Enquanto estávamos na escola, eu, e alguns dos meus amigos estudávamos no Olavo Bilac, no Canal 1. Outros em escolas da redondeza. As três irmãs da casa 48, uma mais bonita que a outra, estudavam em um colégio de freiras, se não me falha a memória. Quando tinha jogo, que não era todo dia, a rua era uma tranquilidade. Todos respeitavam a todos e não havia imposições. Nem mesmo os pais eram autoritários, apenas exigiam respeito e estudo. A rua manteve suas valetas por muito tempo, assim como seu Almeida a sua tosse que parava nunca. Uma asma brava, dia e noite. Mesmo assim ele nunca deixou de fumar, com o uso de uma piteira. O filho, também era asmático. E foi dos primeiros da turma a começar a fumar Continental sem filtro, (um baita “estoura peito”, junto com o Macedônia).
Uma rua normal. Tão normal que até ladrão galinha passava por lá vez por outra. Mas sem violência, como era antigamente.
Um dia, porém alguma coisa mudou. Foi uma violência, sem sangue, mas com violência. O seu Figo mudou para a esquina do canal e abriu uma venda. Horrorosa, mal cheirosa, como ele. Mas, mesmo assim roubou alguma clientela do seu Maneco, que tinha sua venda na esquina da Rua Santurnino de Brito, homenagem ao criador dos canais da cidade (Santos tem vários canais).

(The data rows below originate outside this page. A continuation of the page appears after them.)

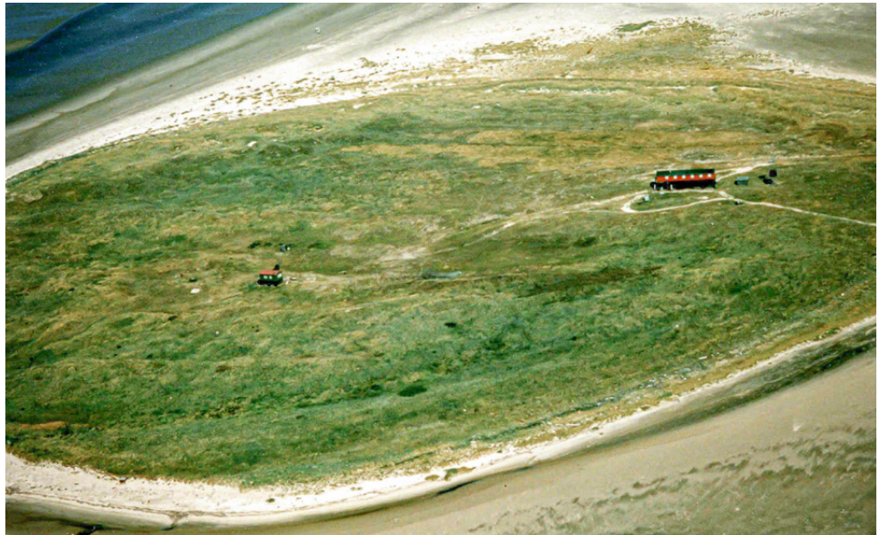
Ansichtskarte der Vogelschutzinsel Scharhörn mit dem „Hamburger Haus“ (rechts) und der bis 1983 existierenden Vogelwärterhütte (links)

Ein Artikel der Cuxhavener Zeitung am 9. Juni 1951 hatte die Überschrift Der Seeschwalbe gehört die ganze Liebe und der Schutz des Vogelwartes.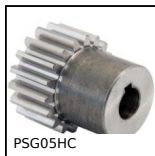
Ingran. dritto di precisione trattato skiving, Acciaio 20NCD2 cement...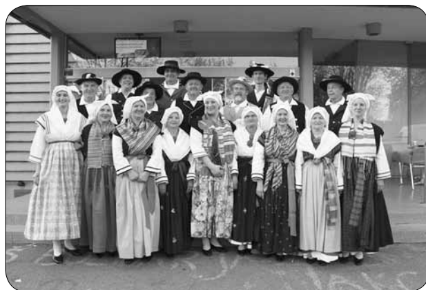
Folklorna skupina Veselje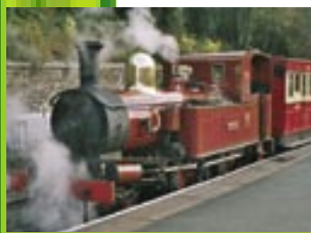
Historic train / Isle of Man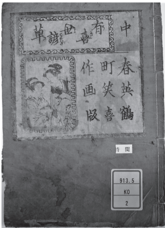
図6 恋川春町作；英笑画 『有喜世諺草 3巻』 鶴喜版, [出版年不 明]. 3冊. 巻中表紙. 武蔵野大学図書館所蔵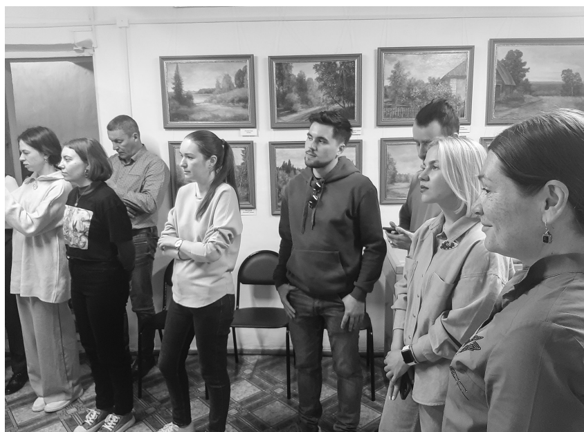
Гости города - работники музеев Кузбасса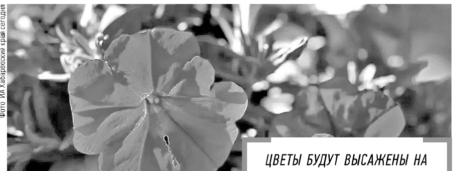
ЦВЕТЫ БУДУТ ВЫСАЖЕНЫ НА ПЛОЩАДИ БОЛЕЕ ТЫСЯЧИ КВАДРАТНЫХ МЕТРОВ.

Администрация Комсомольска-на-Амуре начала работу по подготовке к предстоящему летнему сезону, объявив закупку на комплексное озеленение городских пространств.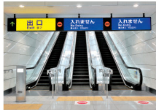
ホーム階・改札行エスカレーター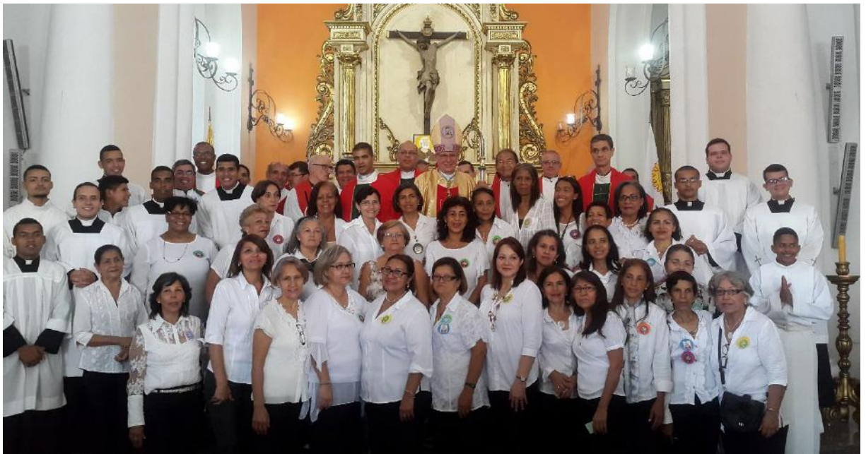
Ministros y Servidores de la Caridad instituidos el 30 de junio de 2018.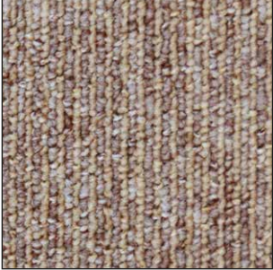
^ 825 50 x 50 cm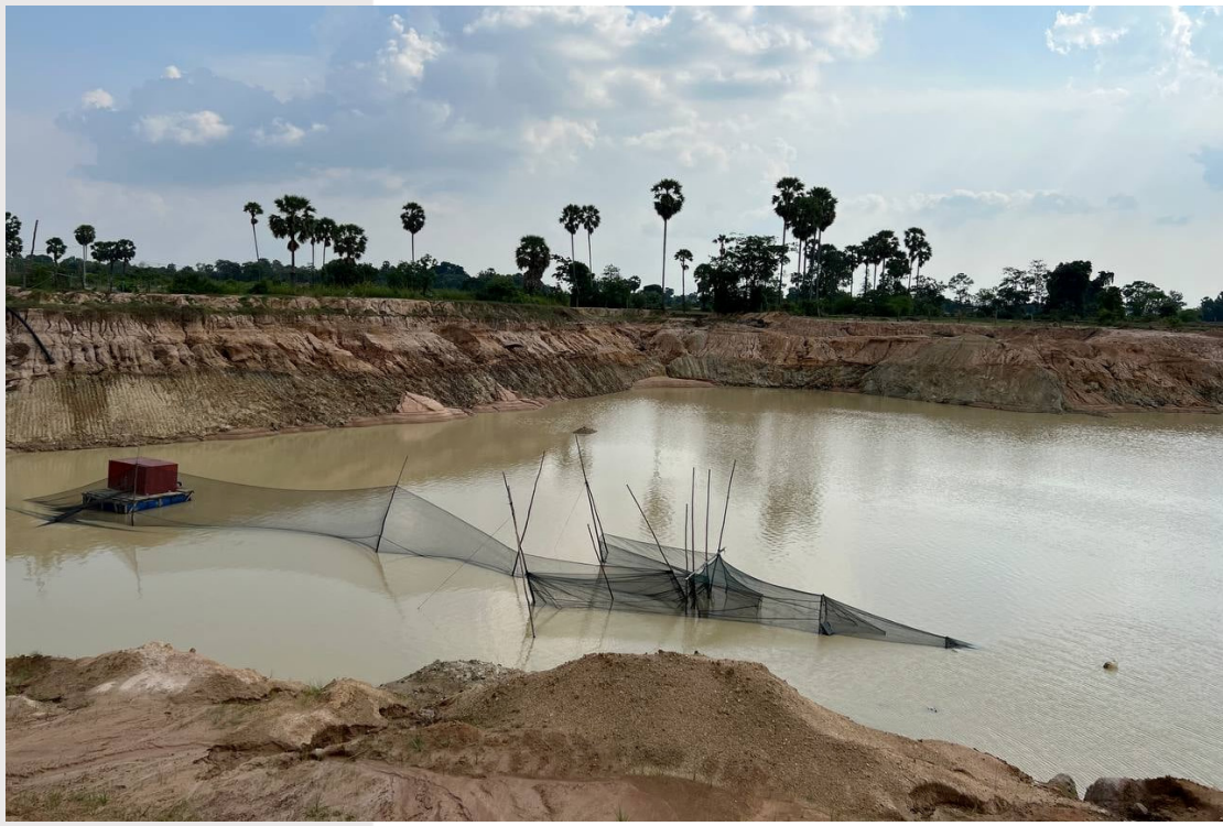
រូបភាពទី ៦ ស្រះទឹកជីកថ្មីរបស់ស្ថានីយទឹកស្អាត សេក គង់ បាត់ដំបង

O engenheiro sanitarista Francisco Saturniono de Brito foi o responsável pela implantação dos nove primeiros canais da cidade, entre 1907 e 1911, que vão da orla ao cais. Além da drenagem das águas pluviais, os canais têm função ambiental pela separação das águas de córregos da rede de esgoto. Tudo motivado pela situação sanitária na cidade no final do século XIX. Não havia sistema de esgoto. O lixo era jogado nas ruas e córregos. A cidade foi assolada por epidemias que avançavam pelo interior do estado, ameaçando a mão-de-obra utilizada nas lavouras e tornando o porto de Santos, o principal para exportações brasileiras, o vilão da história.
Seu Maneco era um homem fino, com sua roupa sempre limpa e o cabelo bem penteado e engomado com brilhantina (certamente a Sidepal ou Glostora), que atendia a freguesia com toda fidalguia. E, vez por outra, distribuía balas entre nós. Um cavalheiro!
O dono da bola
Mas um dia, o pior aconteceu na Rua Tarqüinio Silva. Mudou para a casa verde o Mauro, que parecia ser “um cara legal”. Qual o que! Logo no primeiro dia apareceu com uma bola de “capotão” debaixo do braço convidando todo mundo para jogar bola.
E quem não iria? Nunca havíamos jogado com uma maravilha daquelas. Mas fomos enganados pelo mau caratismo do dono da bola. Em primeiro lugar ele disse que ele mandava no time e que todos tinham que passar a bola para ele fazer o gol. Ou levaria a bola embora. Coitado do Gôdimim, que já sonhava em fazer dezenas de gols com aquele bolão. Olhei pra ele e, juro, vi uma furtiva lágrima caindo do seu olho – do direito, se me lembro bem.
Mas como negar a exigência do Mauro, a bola tinha aqueles lindos gomos de couro, ensebados, brilhavam antes de rolar na terra. Bola de campeão!
Para começar, Mauro escalou o time, com Gôdimim no gol, a humilhação suprema para o artilheiro e se colocou como centro avante. E tirou todo mundo das suas posições no time de seis jogadores.
E assim foi, pelo prazer de jogar com uma bola de couro, todos se submeteram à ditadura do Mauro, que parava o jogo a toda hora, invertendo faltas, laterais, dando pênalti quando o goleiro pegava a bola. Fazia de tudo para ganhar o jogo!
E ai de quem não passasse a pelota para ele. Saia do time, sem dó.
Triste!
Um dia, veio o progresso, junto com a vitória da asma sobre o seu Almeida que levou com ele a sua tosse. O asfalto chegou e meus amigos do futebol de bola de meia foram desaparecendo, como eu.
Depois de assistir à cena da molecada jogando futebol na periferia, resolvi passar pela Rua Tarqüinio Silva para “assistir” o Gôdimim fazendo seu gols, ouvir o seu Almeida tossir e ver a minha amada vó Eva cuidando da sua pequena horta, de onde ela colhia as folhas para nossas saladas.
Saudades do Gôdimim!
**A caricatura é um presente do Bird Clemente para o chicolelis, que tem no ex-piloto, seu maior ídolo no automobilismo.